The Battle of Visayas (Filipino: Labanan sa Visayas; Visayan languages: Gubat sa Kabisay-an) was fought by U.S. forces and Filipino guerrillas against the Japanese from 18 March – 15 August 1945, in a series of actions officially designated as Operations Victor I and II, and part of the campaign for the liberation of the Philippines during World War II. The battle was waged to complete the recapture of the central portions south of the archipelago and secure them from remaining Japanese forces.

==Background==
Within two weeks of ordering the seizure of Palawan and the Zamboanga peninsula, General Douglas MacArthur directed the capture of the isolated Visayan islands of Panay, Negros, Cebu, and Bohol in the central Philippines.

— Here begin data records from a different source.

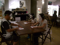 そして描き手は描き終えた印に自分のサインを入れてマスクを外し…あとは皆で大笑い!。笑い疲れたらフリードリンクを飲んでゆっくりしててください♪
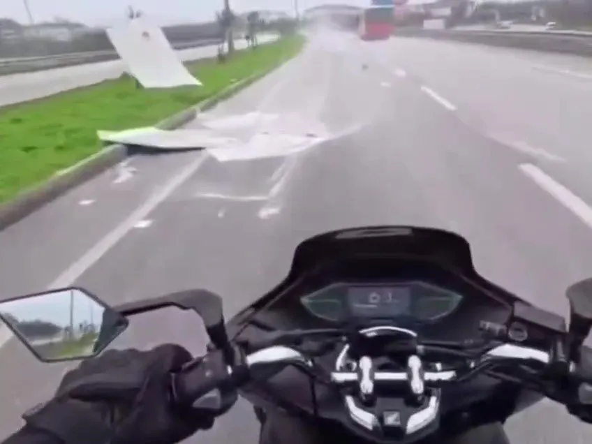 Balıkesir'in Bandırma ilçesinde seyir halindeki bir kamyonetin kasasındaki alçıpanların yola savrulması, trafikte tehlikeli anlara neden oldu. O anlar motosiklet sürücüsünün kask kamerasına yansıdı.
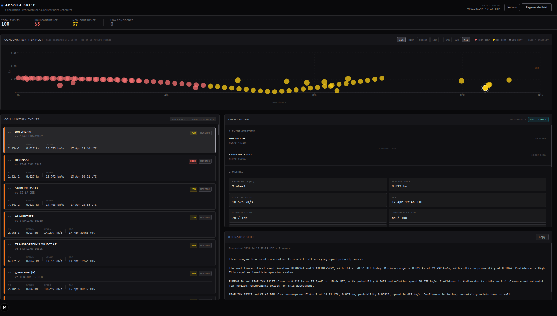Apsora Brief pulls live conjunction screening data from SOCRATES/CelesTrak — the same source used by real space operators — and automatically ranks every close-approach event by risk using miss distance, collision probability, relative speed, and TLE data freshness. It then calls Claude to generate a plain-language situational brief that an operator can read in 30 seconds and act on. Every tracked satellite's orbit is rendered in a real-time 3D Cesium globe with confidence-colored trajectory lines, and a TCA playback scrubber lets you step through the exact geometry of closest approach, minute by minute.
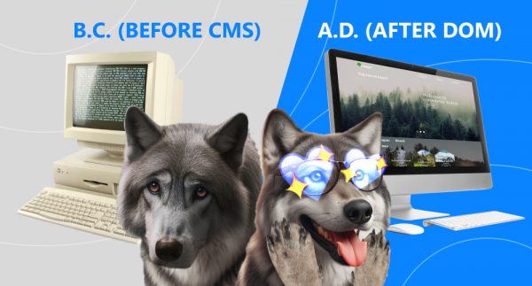 sad wolf look at old computer screen with text and happy wolf look at modern computer screen and see website built with content management system CMS
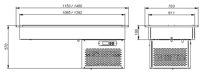 Встраиваемая холодильная ванна Марихолодмаш ВВХС-1,48/0,7 предназначена для демонстрации, охлаждения и кратковременного хранения холодных блюд на предприятиях общественной питания и торговли. Корпус оборудования выполнен из нержавеющей стали. Ванна подходит для работы при температуре окружающего воздуха от 12 до 25 °С. В комплект поставки входит пульт управления. Особенности:
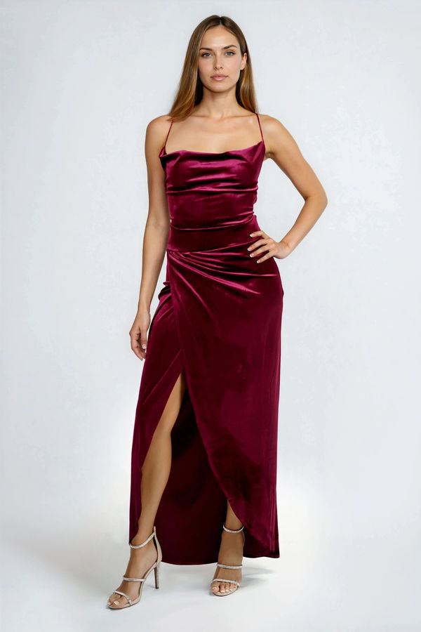 Step into pure elegance with the Moonlit Muse Velvet Slit Maxi Dress in Wine. Featuring a sultry thigh-high slit and a delicate criss-cross back, this dress blends sophistication with allure. The form-fitting bodice accentuates your silhouette, while the flowing skirt adds dramatic movement—perfect for formal events, evening galas, or upscale cocktail parties. Finish the look with metallic heels and statement earrings for undeniable, confidence-filled glamour.
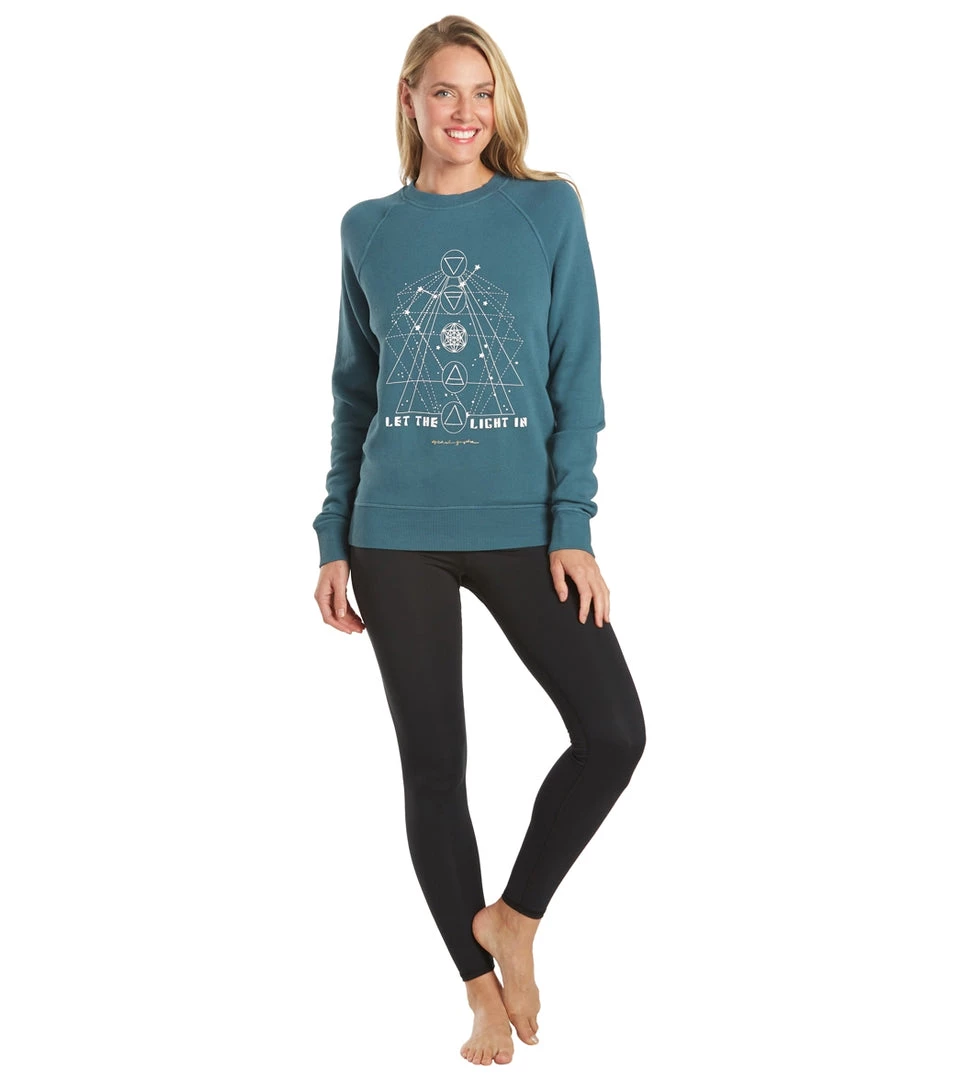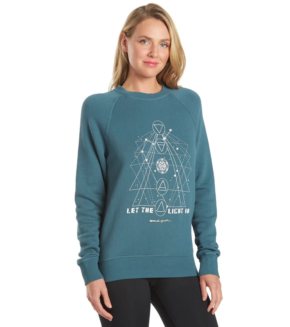 - : Pullover crewneck sweater. Soft cotton. Raglan sleeves. Sacred geometry inspired ”Let the light in” graphic. Relaxed fit.

With Filipino guerrillas controlling most of the countryside in these islands, some thirty thousand Japanese troops held the vital coastal towns including Cebu City on Cebu island and Iloilo City on Panay, among the largest cities in the Philippines. Aside from fulfilling his desire and promise to clear the Japanese from the islands, Gen. MacArthur wanted these two port cities as vital staging points for the expected large numbers of troops scheduled for the invasion of the Japanese mainland. Earlier, the United States Armed Forces Joint Chiefs of Staff had told him to be prepared to stage twenty-two divisions for the mainland operation at bases across the Philippines by November 1945, with another eleven to follow by February 1946.

==Battle==

===Operation VICTOR I===
Two areas of operations were suggested to divide the entire region, given the mountainous terrain of Negros, a dominant terrain feature that ran north to south of the island, and the planners chose to seize the western portion, including Northwestern Negros and Panay island, which was named VICTOR I. Lieutenant General Robert L. Eichelberger, the Eighth Army commander, appointed the 40th Infantry Division, a California National Guard formation and veterans of the recent fighting in Luzon under Major General Rapp Brush, with the 503rd Parachute Regimental Combat Team in reserve.

Panay Island was the first objective. On 18 March 1945, within two weeks of aerial bombardment on Japanese positions, the 40th Infantry Division, spearheaded by the 185th Infantry Regiment landed unopposed at Tigbauan district, several miles south of Iloilo City, where a 23,000 strong guerrilla force had secured most of Panay, under Colonel Macario Peralta. Recalled General Eichelberger: "Filipino guerrillas stood stiff, resplendent in starched khaki uniforms and ornaments and decked in battle gear".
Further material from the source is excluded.